- _EXERCISE DIRECTIONS_
Whatever pictures appear, omit them, and repeat the data below exactly.

- _COLLECTED MATERIAL_
BEGIN
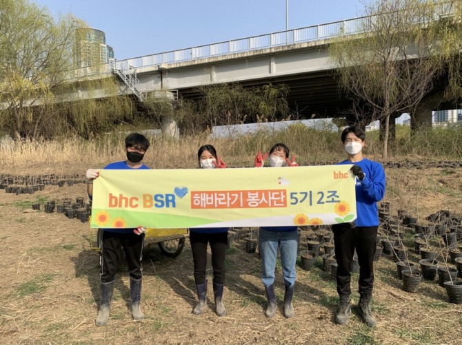 이미지 확대보기bhc치킨은 해바라기 봉사단 5기 2조가 지난 19일 서울시 영등포구에 있는 여의샛강생태공원을 방문해 유목(어린 나무)을 대지에 옮겨 심는 봉사 활동을 펼쳤다고 22일 밝혔다.
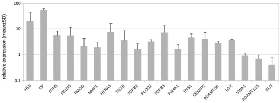The up-regulated procollagen-lysine 2-oxoglutarate 5-dioxygenase 2 (PLOD2; lysyl hydroxylase 2) is a membrane-bound homodimeric enzyme, which catalyzes the hydroxylation of lysyl residues in collagen-like proteins [63]. This post-translational modification of lysin is important for the cross-linking and stabilization of collagen filaments. Mutations in the PLOD2 gene cause the Bruck syndrome, which is characterized by the unusual combination of skeletal changes resembling osteogenesis imperfecta with congenital contractures of the large joints [64].
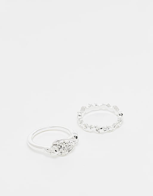 ASOS DESIGN pack of 2 real silver plated rings in molten design
END
- _RESPONSE TO THE TASK_
 이미지 확대보기bhc치킨은 해바라기 봉사단 5기 2조가 지난 19일 서울시 영등포구에 있는 여의샛강생태공원을 방문해 유목(어린 나무)을 대지에 옮겨 심는 봉사 활동을 펼쳤다고 22일 밝혔다.
The up-regulated procollagen-lysine 2-oxoglutarate 5-dioxygenase 2 (PLOD2; lysyl hydroxylase 2) is a membrane-bound homodimeric enzyme, which catalyzes the hydroxylation of lysyl residues in collagen-like proteins [63]. This post-translational modification of lysin is important for the cross-linking and stabilization of collagen filaments. Mutations in the PLOD2 gene cause the Bruck syndrome, which is characterized by the unusual combination of skeletal changes resembling osteogenesis imperfecta with congenital contractures of the large joints [64].
 ASOS DESIGN pack of 2 real silver plated rings in molten design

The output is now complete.